行政事件訴訟では、その判決が公益に及ぼす影響が小さくないことを考慮して、職権証拠調べが規定されている(行訴法24条)。この規定の基礎にあるこの考えは、事実の主張責任についても妥当し、裁判所は公益との関連性が顕著な事件にあっては、適正な裁判の実現に必要な事実の主張を当事者に促すように積極的に釈明権を行使することを通常の場合に以上に要請されるとの見解もある(最高裁判所 平成22年1月20日 大法廷 判決(平成19年(行ツ)第260号)の裁判官田原睦夫の補足意見)。もし、この場合に釈明権の行使を怠れば、それが審理不尽の違法をもたらし、上告審による破棄理由になる。この論理の枠組自体は通常の場合と同じであるが、裁判所の釈明義務を強調するために(あるいは強めるために)行訴法24条の基礎にある考えが援用されていることに注意してよいであろう。

いくつかの事例をあげておこう。
求問権149条3項)
相手方の主張が不明瞭である場合に、それを明瞭にするための裁判長の発問を求める当事者の権利を求問権という。相手方の主張がすでに明瞭であると裁判長が判断すれば、発問はなされず、求問(発問申立て)は却下される。当事者から当事者への直接の発問では、不適切・不要な発問あるいは感情的な応答がなされる虞があるので、このように裁判長を介して発問する。求問権も期日外で行使でき、裁判長はこれに応じて相手方に期日外で釈明権を行使する(問いを発する)ことができる。

4.6 異議申立権150条

裁判所が合議体で構成されている場合に、弁論指揮権(148条)や釈明権(149条)を合議の上で行使していたのでは、審理は円滑に進まない。そこで、これらの権限は裁判長等が合議を経ずに行使し、当事者が異議に述べた場合に初めて合議に付すものとされている(150条)。裁判所が単独の裁判官で構成されている場合には、150条の異議申立の余地はないが、120条による取消しを促す申立て(職権の発動を求める申立て)は可能である。

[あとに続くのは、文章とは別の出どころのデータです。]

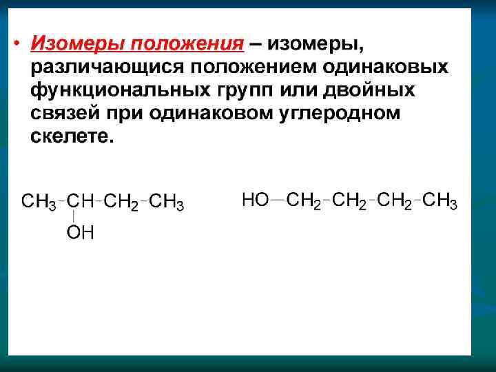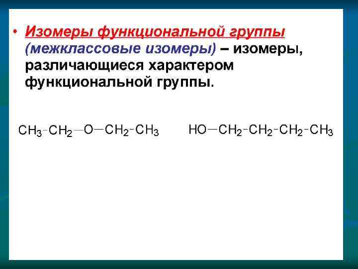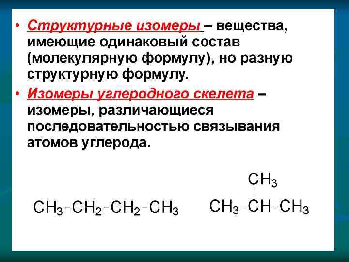 Структурная изомерия n Структурная изомерия, при которой вещества различаются порядком связи атомов в молекулах: 1) изомерия углеродного скелета Н - Бутан изобутан (2 -метилпропан) 2) изомерия положения а) кратных связей: бутен-1 б) заместителей 1 -хлорпропан в) изомерия положения функциональных групп 3) изомерия гомологических рядов (межклассовая) бутен-2 2 -хлорпропан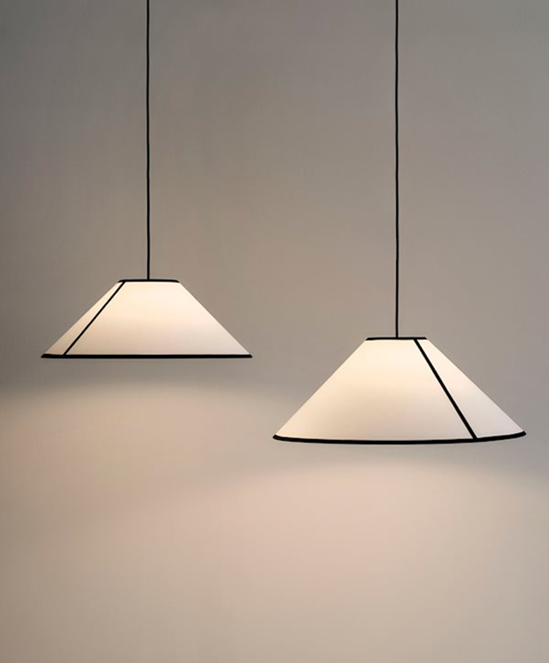Hay Design by Ana Kras Dimensions : l 50/60 x h 18,5/23,5 x p 50/60 cm Conçue pour HAY par Ana Kraš, la suspension Ava Cone allie une forme classique à un design graphique audacieux, réinterprétant avec modernité le style Empire. Fabriqué en ECOPET™ (un matériau issu du recyclage du PET), son abat-jour conique semi-translucide, à l'aspect papier, est mis en valeur par un passepoil en tissu contrastant. Avec son allure à la fois simple et saisissante, et sa douce lumière d'ambiance, Ava s'intègre harmonieusement dans de nombreux espaces de la maison : chambres, couloirs, salons et salles à manger. La suspension Ava Cone est fournie avec le câble d'alimentation standard HAY et utilise une ampoule LED dimmable compatible avec les modèles précédents. lampe suspension

証拠調べについては、裁判長のなす処置が個別に規定され、合議体に異議を申し立てることが許される場合については、個別に規定されている。これについては、次の2つの理解が可能であるが、この講義では、さしあたり第一の理解を採用することにする。
  1. 異議申立てを許す旨の規定がない場合には、異議申立ては許されず、150条による異議申立てもできない。したがって、証拠調べにおいて150条が適用されるのは、第4章「証拠」において規定されていない処置を裁判長が口頭弁論の指揮としてなす場合だけであり、適用範囲は広くない。
  2. 証拠調べについて個別に異議申立てが規定されている場合は、当該処分について裁量の余地が大きい場合であり、当事者はその処分の違法を言うことなく処分の変更を求めて異議申立てをすることができる。異議申立てが個別に規定されていない場合でも、裁判長の処分が違法性を帯びる場合には、150条の異議申し立てが許される。

4.7 釈明処分(151条

裁判所が口頭弁論における当事者の主張を聴いただけで事実関係をすぐに理解できるとは限らない。釈明権を行使するだけでは不十分で、裁判所がより積極的に行動することが必要な場合がある。そこで、裁判所は、訴訟関係を明瞭にするために、次の処分をすることができるものとされ、これは釈明処分と呼ばれる。
  1. 当事者本人又はその法定代理人に対し、口頭弁論の期日に出頭することを命ずること。裁判所は、出頭した当事者等を観察し、あるいは陳述させることができ、その陳述内容は弁論の一部となる。訴訟代理人の訴訟追行の仕方が不誠実な場合には、それを当事者に告げ、当事者の意思に基づくものであるかを確認し、これに応じて当事者がその訴訟代理人を解任することがあってもよい。
  2. 口頭弁論の期日において、当事者のため事務を処理し、又は補助する者で裁判所が相当と認めるものに陳述をさせること。例えば、会社が当事者となっている場合に訴訟で問題となっている取引を実際に担当した社員がこれに該当する。彼は、当事者ではないが、これに準ずる者として陳述するのであり、証人として陳述するわけではない。この陳述を当事者の主張の一部とするためには、当事者がその旨を陳述すること(援用)が必要である。
  3. 訴訟書類又は訴訟において引用した文書その他の物件で当事者の所持するものを提出させること。訴訟書類の内容又は訴訟における当事者の陳述内容を裁判所と相手方が理解するためには、引用された文書を閲読することが有用である。
  4. 当事者又は第三者の提出した文書その他の物件を裁判所に留め置くこと。
  5. 検証をし、又は鑑定を命ずること。期日外の検証(いわゆる現場検証。185条1項)もできる(151条2項)。
  6. 調査を嘱託すること。


こうした釈明処分は、口頭弁論の手続におけるのほか、争点整理手続でも行うことができる(170条6項による準用)[2]。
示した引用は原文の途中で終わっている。